Every woman is a ‘woman of substance’

Anagha Khare
Thursday, 7 March 2019

We ask her about everyday inspirations and what according to her makes a woman ‘a woman of substance’. She’s quick to reply, “I think every woman is a woman of substance. They balance their family and career, and wear different hats as a mother, sister, daughter... I think it requires a lot of skill and emotional strength. There are ordinary women who have done extraordinary things. Finding the ‘extraordinary’ in ordinary is what I really believe in.

We caught up with Soha Ali Khan while she was in the city to present the Phoenix Leading Lady Awards 2019 

An Oxford graduate and an inspiring woman who has successfully transitioned from banking to acting to writing, we wonder what Soha Ali Khan aspires for in the long run. In a candid conversation, she tells us about her career, motherhood, and future plans. 

Soha’s book had garnered rave reviews, more so for her writing style. She agrees, “Well, my publishers are keen on me writing more books. They’ve sent me a contract for two more books, which I haven’t signed yet. It’s a big commitment. Especially since the first one did well, there’s greater pressure to deliver and to ensure that it surpasses the previous one. Also, I have to think what the second one would speak about; again it being in a non-fiction space as opposed to fiction.” 

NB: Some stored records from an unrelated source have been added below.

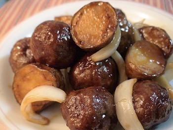 コロコロの肉だんごと新じゃが、新玉ねぎ、の3品レシピです。
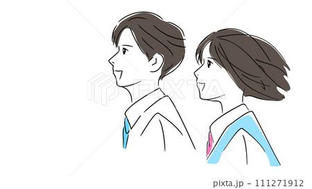 合唱祭で声をあわせて歌う男女の中学生、応援や声援を送る高校生の横顔、ベクターシンプルイラスト素材
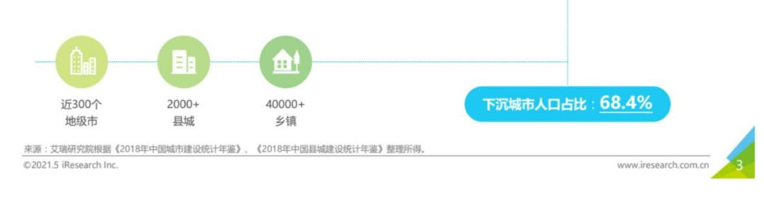 结合最新公布的人口普查数据,艾瑞咨询分析称,三线以下城乡地区的人口占全国总人口的68.4%,优势相当明显。
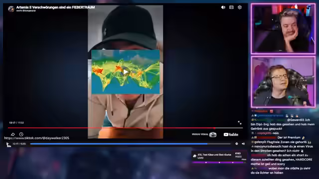 03:03:13Der Streamer untersucht verschiedene im kursierende Mythen über die Artemis-Mission. Er zeigt auf, wie manche Leute ohne Hintergrundwissen Theorien verbreiten, etwa die Frage, warum man keine Flugzeuge im Weltall sieht. Kianuschs Theorie über gefakte Bilder wird mit Erklärungen zur Perspektive und Wolkenbildung widerlegt. Der Streamer betont, wie wissenschaftliche Fakten oft durch pseudowissenschaftliche Theorien ersetzt werden. Er stellt die Verwirrung über die korrekte Darstellung der Erde in Satellitenbildern dar und zeigt, wie unkritisch viele Menschen solche Theorien akzeptieren.
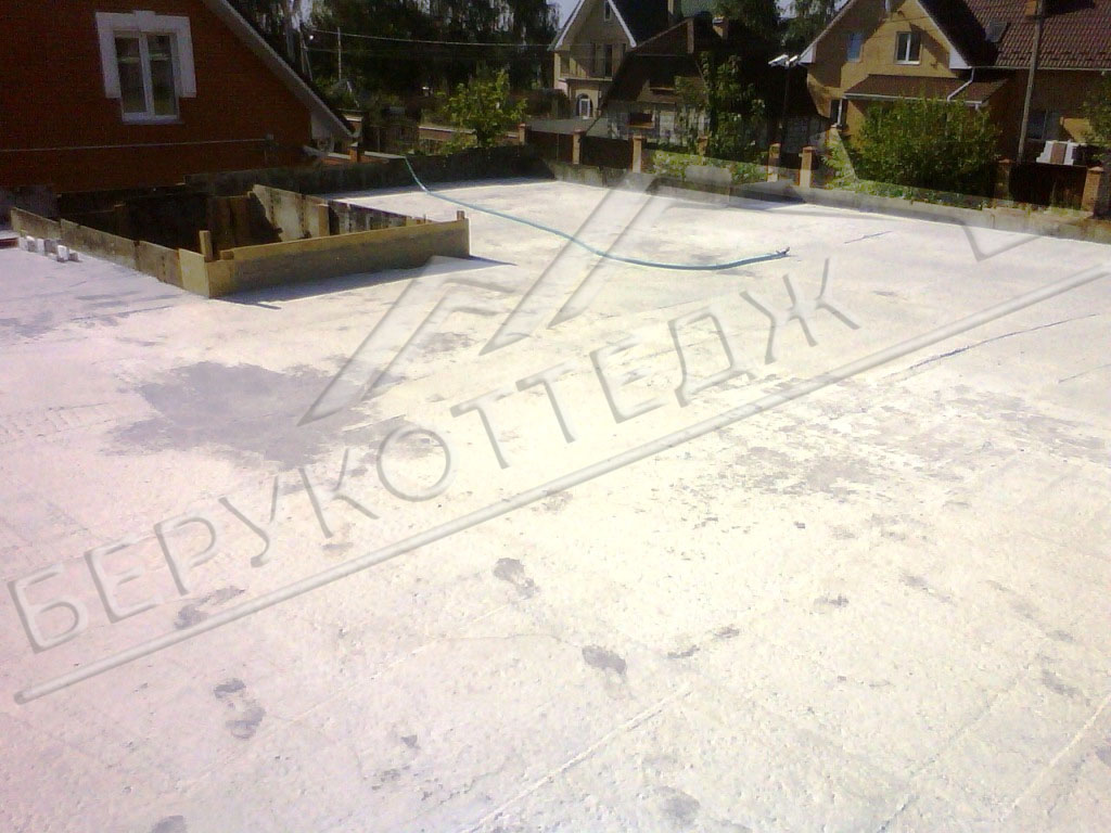 - Перекрытие и плоская кровля: монолитная плита 200 мм в трех уровнях. Утепленная ватой плотностью 200 кг/м2, поверх уложена ПВХ мембрана.

She has been pretty candid in the first one. She explains, “It’s difficult to be honest and give yourself up when you don’t know who’s reading it and who you are sharing your stories with. So yeah, that was tough for me. But I did enjoy the process. What excites me about writing is the fact that you can do it anywhere as long as you have the discipline of taking out enough hours in a day. It’s a great profession.” 

Born to such iconic parents, was she able to make them proud with her career choices? “I think so. You will have to ask my mother. But, I think that more than what we did, they are proud of who we are. And that’s not so dependent on your career and what you have chosen as a profession. It’s the kind of person you have turned out to be, and what values you have imbibed from your parents,” she says with a hint of pride. 
 
While her role in Rang De Basanti was well appreciated, the roles she has essayed have been strikingly different. And then there was Khoya Khoya Chand too. She’s quick to point out, “Yeah, I think Rang de... was a great film, clearly an ensemble cast. Though I am very proud of my role in Khoya Khoya Chand. It was an author-driven role and gave me a chance to perform.”

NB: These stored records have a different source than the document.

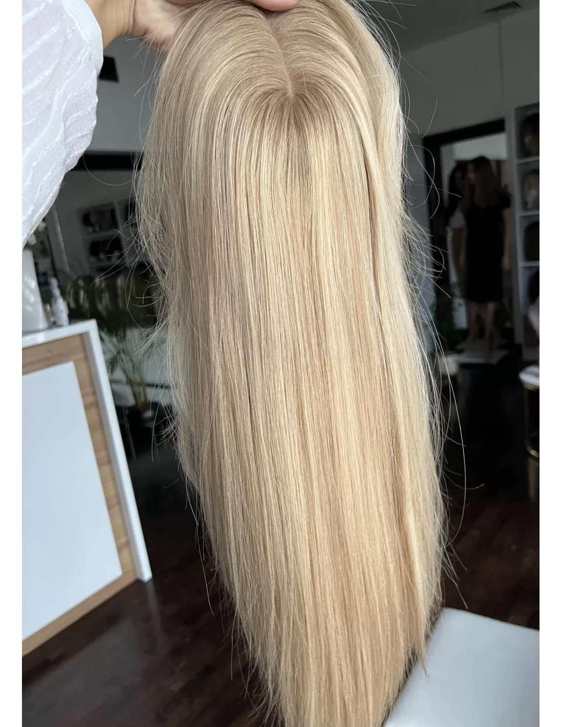 Elastyczna baza z mikroskórą o wymiarach 20 x 20 cm perfekcyjnie imituje naturalną skórę głowy – włosy sprawiają wrażenie, jakby wyrastały bezpośrednio z niej. To gwarancja autentycznego efektu, estetyki klasy premium oraz komfortu noszenia przez cały dzień.
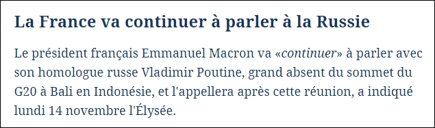 (觀察者網 訊)法國《費加羅報》當地時間14日消息,一位法國總統府官員透露,法國總統馬克龍將會“繼續”與俄羅斯總統普京溝通,並將在本次G20峯會結束後給普京打電話。
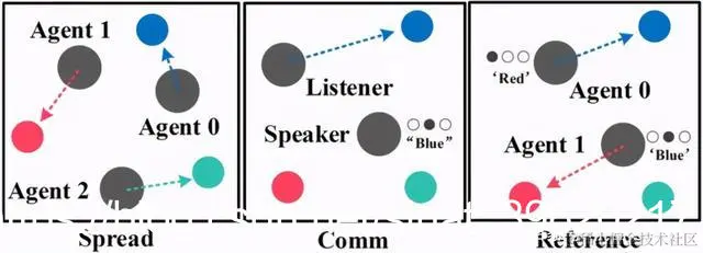 图 1:MPE 环境中的 3 个子任务:Spread,Comm 和 Reference
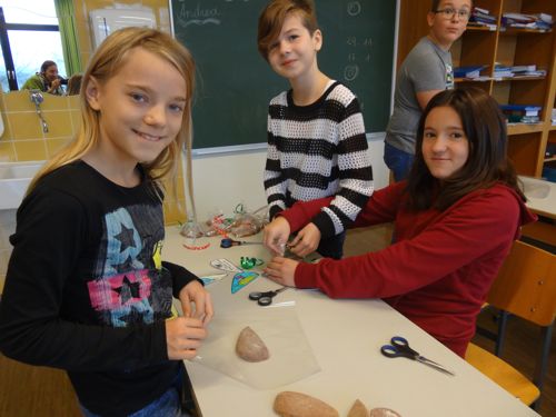 Koffer öffne dich! Und siehe da, aus dem alten schwarzen und sehr schweren Holzkoffer kommt ein voll funktionstüchtiges Cello zum Vorschein! Die Schülerinnen und Schüler der dritten Klassen staunen nicht schlecht und haben große Freude am Angreifen, Spielen und Erforschen des Instruments.Doch das war noch nicht alles! Koffer öffne dich! In dem zweiten, unscheinbaren rechteckigen Koffer liegen die Teile einer Blockflöte, und was für einer! Diese Großbassblockflöte ist größer als die Musiklehrerin! Da lassen sich die Schülerinnen und Schüler der ersten und zweiten Klassen nicht zweimal bitten und bestaunen und betasten das seltene Instrument.

In terms of characters that are closest to who she is, Soha names Sanjana from Tum Mile. In future, she would like to portray a character that is a little more layered or grey “as we all are in life,” she says.

Having been a successful banker we wonder if there are any regrets of not pursuing banking as a profession. “No. Actually, there wasn’t much job satisfaction. I did well at it, because I am very project driven. But at the end of the day, I wasn’t that excited to go to work. So I knew it wasn’t my dream job. Whereas I feel that with acting, you never get bored. Your environment changes with every film. Also, the different things I got to learn — horse riding, sword fighting, Kathak… I find this more exciting,” she elaborates. 

Coming to films, Soha reveals that her mother helped her prepare for her first Bengali film. “She recorded my dialogues for me because I didn’t speak the language. She helped me with the diction. When I asked for her advice for Rang de..., she said, ‘There’s one director in a film, and you must ask your director for advice, because he has a particular vision. If I give you some advice, it could be conflicting,” Soha recalls.

We talk about her growing up days and if she feels like a Princess even today. She laughs, “It doesn’t happen enough any more. I was the youngest child in the family and everyone’s favourite. Even in school, I was the youngest in class. I was petite and frail in figure. So people were always protective of me. Growing up, I was aware that we came from a position of privilege in certain ways, in terms of social status or the whole tag of being a nawabzadi, even though it has no relevance today. Being a student of history, the fact that we have history behind us does feel special.”

Before we wrap up, we cannot help but ask her about paparazzi and how she deals with her daughter being papped all the time. “Well, it’s a double-edged sword. Just today, for instance, my daughter had a bit of a cold and I wasn’t sure if she was going for this playdate. So, all I had to do was go to Viral Bhayani’s (Page 3 photographer) page and see if she had gone. I could see she was happy, laughing and gone to her class. But apart from that, of course we are concerned. At least, Inaaya is not papped as much as Taimur is. He has dolls in his name. I think that’s probably a little unhealthy. It takes away the innocence. You don’t want to be followed all the time. Now it’s ok, but when he gets a little older, then it might not be so much fun, “she concludes.